The absolute strongest 7 out of 10 I have ever read lol.

There was so much about this I loved, the structure, the art style, the visual storytelling. I loved how Rich Tommaso weaved all of these characters together, fleshing them out with flashbacks while also forwarding a narrative. It felt very Love and Rockets or Stray Bullets in that aspect. It was a basic mob revenge story where orphaned daughters are taking revenge against the monsters and hit men who killed their parents. The constant flashbacks and switching points of view is what intrigued me the most when I was reading. I also really liked how balls to the wall and abrupt the ending was. I really liked that last page a ton.

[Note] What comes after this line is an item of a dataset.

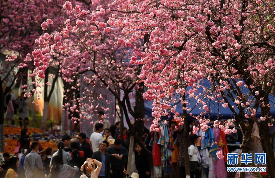 游人在昆明圓通山公園觀賞盛開的櫻花(3月16日攝)。近日,云南省昆明市迎來櫻花盛開的時節(jié)。昆明圓通山公園的數(shù)千株櫻花燦爛綻放,吸引了市民和游客前來觀花賞景。新華社記者藺以光攝

My beef with the book though is in the brevity of certain segments. I think a few more pages could’ve fleshed some under developed parts out. I don’t know how this was serialized, I know it was in 7 issues, but I don’t know how it was broken up issue by issue. Some of the dialogue is a bit wonky too. At times it could be kind of lifeless, but I do think the art and the visual storytelling save it. The narration to at times is a bit much, but I’m always an anti narration guy unless it’s done super well.

I also ran into a few confusing page layouts. I’m reading through Building Stories by Chris Ware right now and he manages to do some wild layouts that are surprisingly not that difficult to read. I thought the simplicity of these layouts would give me an easy time, but there’s a good handful of pages that go across the spread instead of page by page. It had me skipping around the page not really understanding if I was supposed to read the page normally or read across the whole book. I would’ve preferred a more consistent layout of either fully across or singular pages.

I did love this book despite some glaring flaws. I thought the structure, connecting plot lines and art style were awesome. It’s definitely worth a read and it enticed me to pick up some more Rich Tommaso.